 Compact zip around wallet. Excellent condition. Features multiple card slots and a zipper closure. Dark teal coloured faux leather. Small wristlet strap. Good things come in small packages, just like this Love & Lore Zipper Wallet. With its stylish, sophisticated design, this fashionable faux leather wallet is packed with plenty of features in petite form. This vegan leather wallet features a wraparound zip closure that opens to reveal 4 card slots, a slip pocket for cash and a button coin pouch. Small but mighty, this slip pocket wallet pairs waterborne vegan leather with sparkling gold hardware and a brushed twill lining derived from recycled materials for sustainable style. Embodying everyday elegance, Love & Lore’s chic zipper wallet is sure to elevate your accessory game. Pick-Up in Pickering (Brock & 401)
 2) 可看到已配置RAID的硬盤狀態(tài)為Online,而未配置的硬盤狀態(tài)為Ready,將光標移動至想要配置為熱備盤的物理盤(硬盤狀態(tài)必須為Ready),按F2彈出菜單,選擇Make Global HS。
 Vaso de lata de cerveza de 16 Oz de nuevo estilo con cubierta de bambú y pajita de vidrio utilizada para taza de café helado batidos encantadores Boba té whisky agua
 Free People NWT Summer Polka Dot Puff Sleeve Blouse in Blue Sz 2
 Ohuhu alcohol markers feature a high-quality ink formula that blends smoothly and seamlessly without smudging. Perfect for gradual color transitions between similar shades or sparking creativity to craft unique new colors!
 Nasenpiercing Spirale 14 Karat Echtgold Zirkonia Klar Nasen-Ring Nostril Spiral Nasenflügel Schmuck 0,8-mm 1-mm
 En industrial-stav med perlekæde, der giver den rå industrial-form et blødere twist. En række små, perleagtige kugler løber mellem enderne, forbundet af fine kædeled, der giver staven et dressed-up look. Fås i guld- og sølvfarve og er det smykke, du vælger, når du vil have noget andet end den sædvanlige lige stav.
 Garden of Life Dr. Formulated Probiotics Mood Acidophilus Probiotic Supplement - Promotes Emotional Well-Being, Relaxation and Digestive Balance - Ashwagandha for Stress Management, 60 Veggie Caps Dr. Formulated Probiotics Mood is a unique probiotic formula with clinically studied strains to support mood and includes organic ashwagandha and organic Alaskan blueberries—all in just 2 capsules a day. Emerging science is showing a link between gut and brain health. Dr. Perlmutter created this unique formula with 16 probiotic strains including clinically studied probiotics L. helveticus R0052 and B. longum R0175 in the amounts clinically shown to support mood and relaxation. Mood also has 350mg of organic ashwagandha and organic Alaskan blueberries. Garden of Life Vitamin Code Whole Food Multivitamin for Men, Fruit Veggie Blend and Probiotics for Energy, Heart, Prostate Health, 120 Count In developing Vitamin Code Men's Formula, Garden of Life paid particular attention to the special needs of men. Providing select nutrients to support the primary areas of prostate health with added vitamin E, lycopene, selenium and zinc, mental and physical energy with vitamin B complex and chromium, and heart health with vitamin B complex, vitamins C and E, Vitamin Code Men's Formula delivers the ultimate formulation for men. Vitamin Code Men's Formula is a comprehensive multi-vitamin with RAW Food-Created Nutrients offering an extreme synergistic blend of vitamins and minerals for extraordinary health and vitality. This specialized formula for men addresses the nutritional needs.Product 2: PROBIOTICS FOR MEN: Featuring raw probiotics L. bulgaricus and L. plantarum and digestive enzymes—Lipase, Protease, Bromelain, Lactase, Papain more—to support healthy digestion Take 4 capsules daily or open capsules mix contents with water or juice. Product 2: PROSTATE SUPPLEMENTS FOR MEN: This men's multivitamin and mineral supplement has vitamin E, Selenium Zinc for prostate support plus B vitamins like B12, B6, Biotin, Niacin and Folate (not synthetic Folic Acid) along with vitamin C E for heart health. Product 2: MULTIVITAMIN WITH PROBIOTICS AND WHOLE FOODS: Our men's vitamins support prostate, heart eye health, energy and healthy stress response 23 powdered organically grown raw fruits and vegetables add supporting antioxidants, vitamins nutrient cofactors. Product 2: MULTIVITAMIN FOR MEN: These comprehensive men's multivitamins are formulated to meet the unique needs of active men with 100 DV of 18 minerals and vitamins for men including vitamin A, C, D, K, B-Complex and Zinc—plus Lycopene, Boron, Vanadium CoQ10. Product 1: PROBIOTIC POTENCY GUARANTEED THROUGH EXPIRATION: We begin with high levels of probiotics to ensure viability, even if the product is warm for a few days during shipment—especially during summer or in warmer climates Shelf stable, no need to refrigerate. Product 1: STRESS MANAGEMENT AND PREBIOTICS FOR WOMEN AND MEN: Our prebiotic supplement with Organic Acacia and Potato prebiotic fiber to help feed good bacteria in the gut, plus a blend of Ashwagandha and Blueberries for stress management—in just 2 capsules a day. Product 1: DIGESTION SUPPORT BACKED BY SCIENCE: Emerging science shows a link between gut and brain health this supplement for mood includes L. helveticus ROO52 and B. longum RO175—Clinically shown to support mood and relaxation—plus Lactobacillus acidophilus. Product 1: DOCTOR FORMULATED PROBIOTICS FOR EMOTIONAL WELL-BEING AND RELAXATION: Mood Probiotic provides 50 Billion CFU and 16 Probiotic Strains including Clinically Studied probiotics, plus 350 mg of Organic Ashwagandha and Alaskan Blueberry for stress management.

* Work instruction
For this exercise, repeat exactly the lines of the data above from the one with "Free People NWT" down to the one with "En industrial-stav med", both end lines included.

* Exercise result
 Free People NWT Summer Polka Dot Puff Sleeve Blouse in Blue Sz 2
 Ohuhu alcohol markers feature a high-quality ink formula that blends smoothly and seamlessly without smudging. Perfect for gradual color transitions between similar shades or sparking creativity to craft unique new colors!
 Nasenpiercing Spirale 14 Karat Echtgold Zirkonia Klar Nasen-Ring Nostril Spiral Nasenflügel Schmuck 0,8-mm 1-mm
 En industrial-stav med perlekæde, der giver den rå industrial-form et blødere twist. En række små, perleagtige kugler løber mellem enderne, forbundet af fine kædeled, der giver staven et dressed-up look. Fås i guld- og sølvfarve og er det smykke, du vælger, når du vil have noget andet end den sædvanlige lige stav.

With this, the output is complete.